Greece
Greece's Prime Minister Antonis Samaras and Germany's Chancellor Angela Merkel attend a meeting at the Maximos mansion in Athens

Germany's Chancellor Angela Merkel pledged her support to keep Greece inside the eurozone as protests to mark her first visit to Athens since the sovereign debt crisis turned violent

In a press statement prior to a six-hour meeting with Prime Minister Antonis Samaras, her visit official visit to the recession-hit economy since 2007, Merkel praised the efforts of the coalition government to deliver fiscal and structural reforms but warned that there was more hard work ahead and that one single aid tranche would not solve the nation's longer-term problems.

"There has been progress in Greece ... a lot has been accomplished," said Merkel. "Recently, reforms have been sped up although there is still room for things to improve. These are tough measures but they are the right ones. I want Greece to remain in the eurozone."

Greece is "bleeding", said Samaras, but determined to stay inside the single currency.

"What's left for us to do is mostly structural measures to make the country more competitive. We're trying to turn the page," he said.

The visit, the first by a German chancellor since 2007, was marred by violence in and around the capital of Athens as police fired teargas and stun grenades on demonstrators in Syntagma Square as they attempted to break though barricades and reach the Merkel delegation as it entered Samaras' offices near the square.

Local media reports suggested that dozens of protesters had been arrested and several hundred more detained as tens of thousands gathered as part of a coordinated national strike to protest what many feel are crippling demands for public spending cuts in exchange for financial aid from the International Monetary Fund and the European Union.

Samaras and his coalition partners are in the final stages of negotiation with lenders from the IMF, EU and the European Central Bank on the release of around €31.5bn in financial aid as part of the terms agreed with the so-called Troika last spring. Lenders have asked for iron-clad commitments on spending cuts and austerity measures worth at least €12bn in order to disperse the cash - originally slated for July. Samaras and his government are said to have reached consensus on around €9bn in pledges.
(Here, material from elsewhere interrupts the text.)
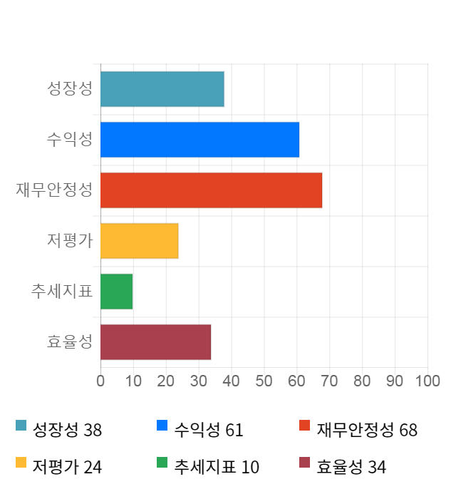 AI 인공지능 종목 분석 시스템을 이용해 성장성, 수익성, 효율성, 안전성, 저평가성, 추세 등 주가 수익률에 영향을 줄 수 있는 6가지 핵심 투자 지표를 점수화하여 종목의 투자 매력도를 계산해보았다.

"The next loan tranche is absolutely necessary for the Greek economy," said Merkel. "But I am not here in the role of school mistress, to award marks and we are not the Troika."

The IMF said it expects Greece to miss its five-year debt reduction targets as its economy slide further into recession next year, according to its most recent monitoring report, released earlier Tuesday. The Fund expects debt will rise to around 153 percent of GDP by 2017 compared to a goal of around 137.3 percent. Greece is also expected, under terms of its €240bn bailout to begin generating primary fiscal surpluses of around 4.5 percent of GDP by 2014.